Should You Still Be Marketing During the COVID-19 Outbreak?
As the global coronavirus crisis unfolds, it’s natural to feel a little unnerved about what this means for you and your business. It’s easy to focus on the short-term implications and lose sight of long-term goals.
However, it's also important to understand that while things may have slowed down considerably in a lot of industries, the world hasn't stopped. Behaviours are changing rapidly as citizens follow government safety guidelines, and the adoption of digital experiences that was slowly emerging has inevitably gained momentum.
A ‘new normal’ is beginning to define itself. With this in mind, it's vital that we work out exactly what that means for each of us and how we can adapt during this transitional phase to make sure our businesses not only survive but succeed in the long run.
Take a moment, don’t panic
In this current mode of survival, budget-cutting might be unavoidable for many businesses. However, it’s important not to rush these decisions and make big cuts across the board. With so much change happening, businesses need to find new ways to cut through the white noise. For this reason, there's never been a more important time to invest in your marketing team.

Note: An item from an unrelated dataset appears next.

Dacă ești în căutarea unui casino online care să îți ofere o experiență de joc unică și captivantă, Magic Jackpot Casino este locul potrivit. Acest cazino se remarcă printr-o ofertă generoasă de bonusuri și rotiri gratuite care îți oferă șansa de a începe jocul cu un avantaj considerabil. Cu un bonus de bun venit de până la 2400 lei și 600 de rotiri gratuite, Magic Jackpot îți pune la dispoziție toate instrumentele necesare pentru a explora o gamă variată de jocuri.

It may be necessary to place a temporary pause (one to two weeks) on the variables that are easily changeable – search engine advertising, social media ads, video ads etc – while the team makes a thorough assessment of the unfolding situation.
This may cause a short-term hit on revenue, but it protects the business from wasting funds on ads that are potentially ineffective at this time due to a required change in messaging.

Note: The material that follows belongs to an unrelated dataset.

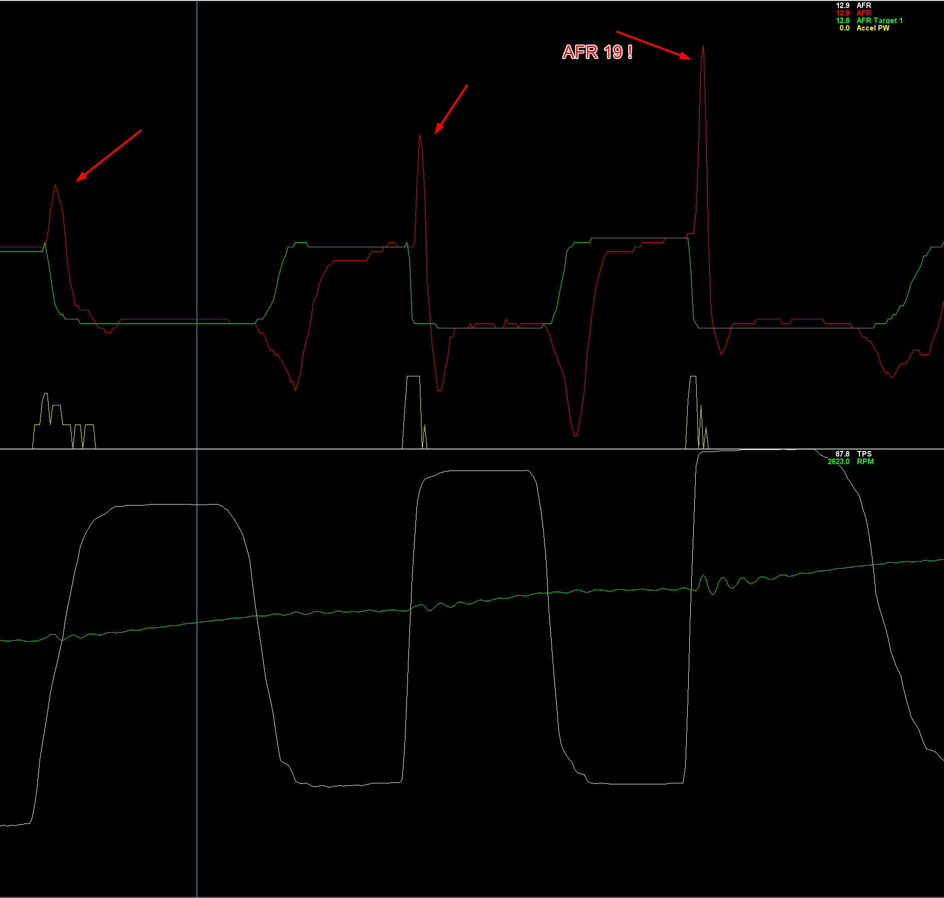 Beim harten beschleunigen bekomme ich fast immer einen AFR Magerpeak in meinen Log-Files. Es ist egal wie hoch ich den AddedFuel setze oder den Threshold verringere, der Peak kommt trotzdem. Es hat sich nichts an dem Peak verändert egal an welchen AccEnr. Parametern ich geschraubt habe

We need to start thinking about how we can add value during this strained time. Adobe, for example, is a leading brand that's thriving because it's maintaining its marketing. It's recognised that there's been a widespread change to companies' operations because of employees needing to work from home. So, Adobe pressed forward with the rollout of the Adobe Experience Cloud, which helps to accelerate document productivity and data management.
During the 2008 recession, Xbox not only decided it would let customers watch films and TV series through Netflix for free, but it also lowered the fee for one of its consoles to $199. Alongside this, it launched messages on its website that branded it as a great-value brand with slogans like, "Big fun, bigger value". This seemed to work: sales of its consoles spiked by 53% year on year in February 2009.
Listen, pivot, adapt
As consumption of goods and services begins to shift from the physical to the digital world, you're going to need to get creative on delivering your brand's strategies while mitigating risk.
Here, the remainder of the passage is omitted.